Methods A total of 3,398 MESA participants free of clinical CVD but with prevalent CAC at baseline were followed for incident CVD events.
Results During a median 11.0 years of follow-up, there were 390 CVD events, 264 of which were coronary heart disease (CHD). With each SD increase of ln CAC volume (1.62), risk of CHD increased 73% (p < 0.001) and risk of CVD increased 61% (p < 0.001). Conversely, each SD increase of CAC density (0.69) was associated with 28% lower risk of CHD (p < 0.001) and 25% lower risk of CVD (p < 0.001). CAC density was inversely associated with risk at all levels of CAC volume (i.e., no interaction was present). In multivariable Cox models, significant interactions were present for CAC volume with age and ASCVD risk score for both CHD and CVD, and CAC density with ASCVD risk score for CVD. Hazard ratios were generally stronger in the lower risk groups. Receiver-operating characteristic area under the curve and Net Reclassification Index analyses showed better prediction by CAC volume than by Agatston, and the addition of CAC density to CAC volume further significantly improved prediction.
Conclusions The inverse association between CAC density and incident CHD and CVD events is robust across strata of other CVD risk factors. Added to the ASCVD risk score, CAC volume and density provided the strongest prediction for CHD and CVD events, and the highest correct reclassification.

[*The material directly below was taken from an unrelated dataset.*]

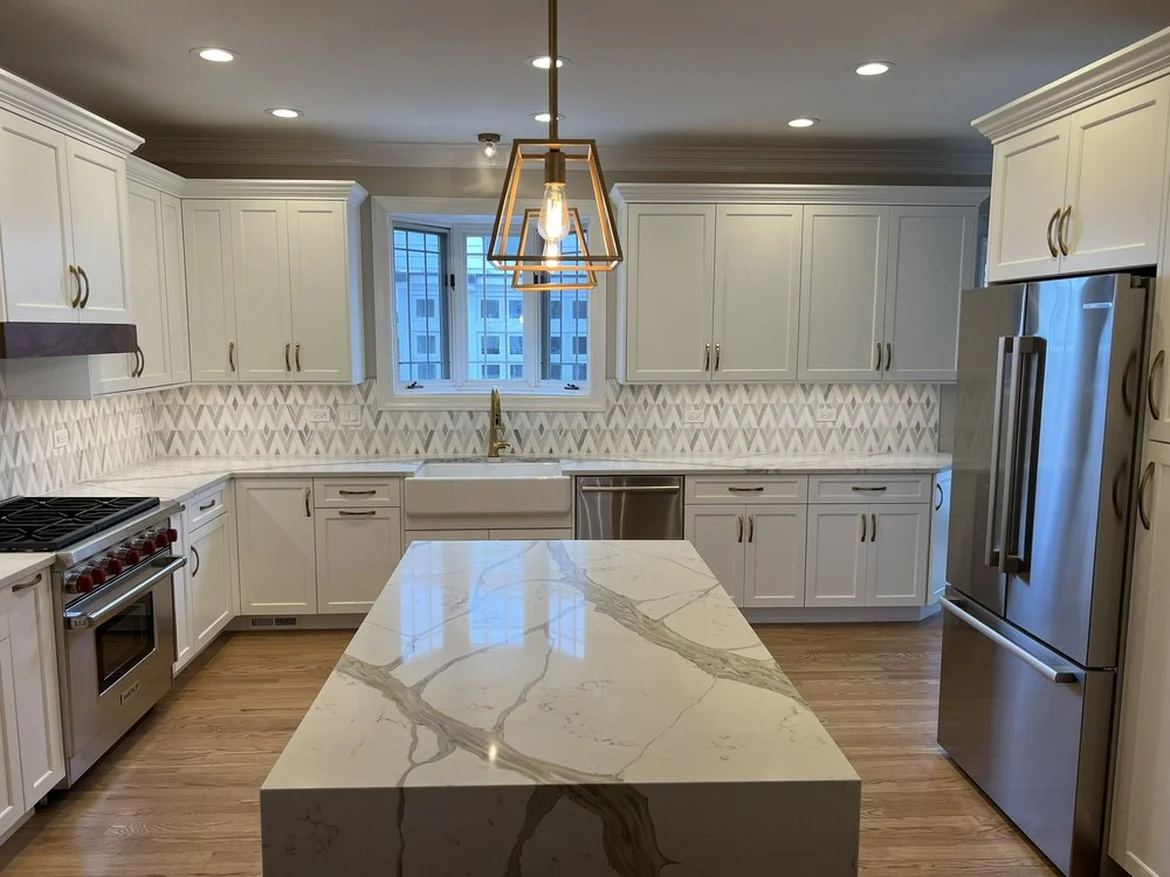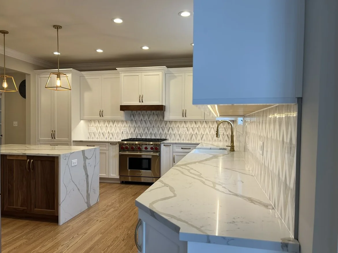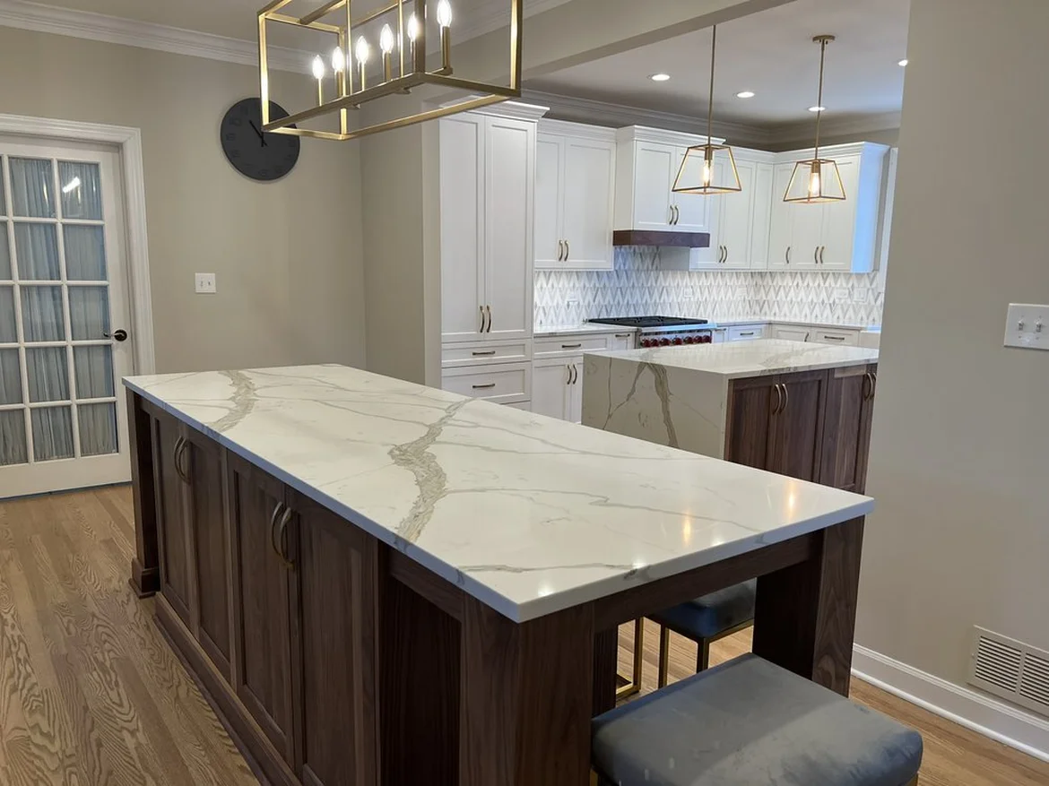 Premium marble-veined quartz countertops were added throughout the kitchen. A redesigned center island with a walnut base and waterfall quartz surface provides additional storage, workspace, and seating.

Cardiovascular disease (CVD), which includes coronary heart disease (CHD) and stroke, is a leading cause of morbidity and mortality in the United States and often remains undetected until it has resulted in clinical events (1). Coronary artery calcium (CAC) is a robust subclinical marker of atherosclerotic burden and is a strong predictor of CVD events (2–6).
The standard method of quantifying CAC from noncontrast cardiac-gated computed tomography (CT) scans is the Agatston score (7). The Agatston method, which up-weights the area of calcified plaque for greater calcium density, assumes that both the area and density of calcified plaques are positively related to CVD events. However, MESA (Multi-Ethnic Study of Atherosclerosis) recently showed that in a model containing both CAC volume and density, CAC density was inversely associated with incident CVD events (8). Analyses also suggested that CAC density had a stronger inverse association with CVD events at lower versus higher levels of volume, but the finding was not statistically significant.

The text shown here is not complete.